> Problem:
Without reproducing any image, print the listing below exactly.

> Information provided:
======

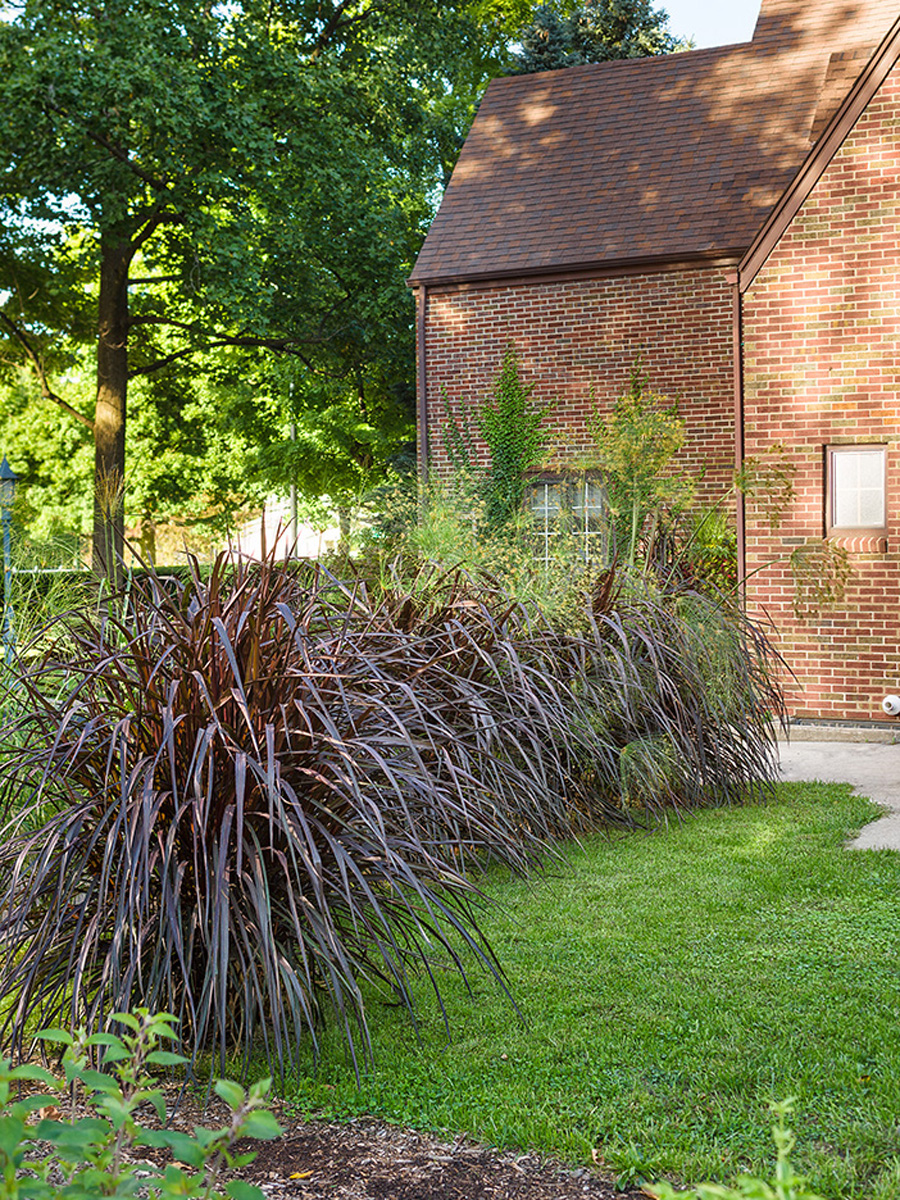 In this mixed border filled with native cultivars of colorful perennials and shrubs, we selected a native switch grass to add height, texture and movement to the grouping. Without the addition of this grass, the planting would look “flat”, with most plants being of the same size and texture. Ornamental grasses in garden can be pivotal in the design of a garden bed.
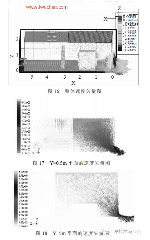 根据以上的数学模型和物理边界条件, 模拟了该接毒无菌室的流场和温度场以及压力场。图16 为整个接毒无菌室内的速度矢量场, 坐标如图。图17 、图18 分别为Y=0.5m 和Y=5m 平面的速度矢量图, 可以看到百级区域的速度矢量达到了垂直单向流的要求, 百级区域的气流几乎全部由百级回风墙回流处理; 而抵达设备上表面的气流则全部由回风墙回流, 也不会通过万级出风口污染更多区域。
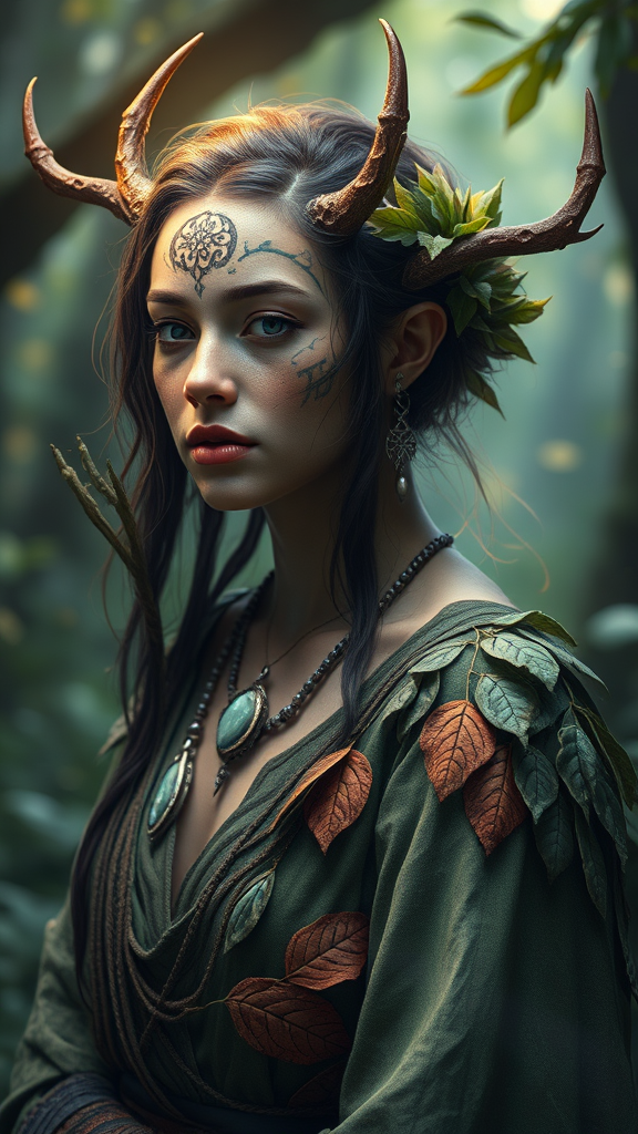 "Digital art, concept art, druid, profile picture, ultra quality, wearing leaf-patterned clothing, with intricate face tattoo marks, set in a fantasy world with cinematic lighting, vibrant and detailed, focused composition, showcasing a harmonious blend with nature. The artwork captures the mystical essence of a druid, emphasizing natural elements and ethereal ambiance, avoiding technical flaws and maintaining all proportions with precision for a visually stunning representation."

======

> Worked solution:
 In this mixed border filled with native cultivars of colorful perennials and shrubs, we selected a native switch grass to add height, texture and movement to the grouping. Without the addition of this grass, the planting would look “flat”, with most plants being of the same size and texture. Ornamental grasses in garden can be pivotal in the design of a garden bed.
 根据以上的数学模型和物理边界条件, 模拟了该接毒无菌室的流场和温度场以及压力场。图16 为整个接毒无菌室内的速度矢量场, 坐标如图。图17 、图18 分别为Y=0.5m 和Y=5m 平面的速度矢量图, 可以看到百级区域的速度矢量达到了垂直单向流的要求, 百级区域的气流几乎全部由百级回风墙回流处理; 而抵达设备上表面的气流则全部由回风墙回流, 也不会通过万级出风口污染更多区域。
 "Digital art, concept art, druid, profile picture, ultra quality, wearing leaf-patterned clothing, with intricate face tattoo marks, set in a fantasy world with cinematic lighting, vibrant and detailed, focused composition, showcasing a harmonious blend with nature. The artwork captures the mystical essence of a druid, emphasizing natural elements and ethereal ambiance, avoiding technical flaws and maintaining all proportions with precision for a visually stunning representation."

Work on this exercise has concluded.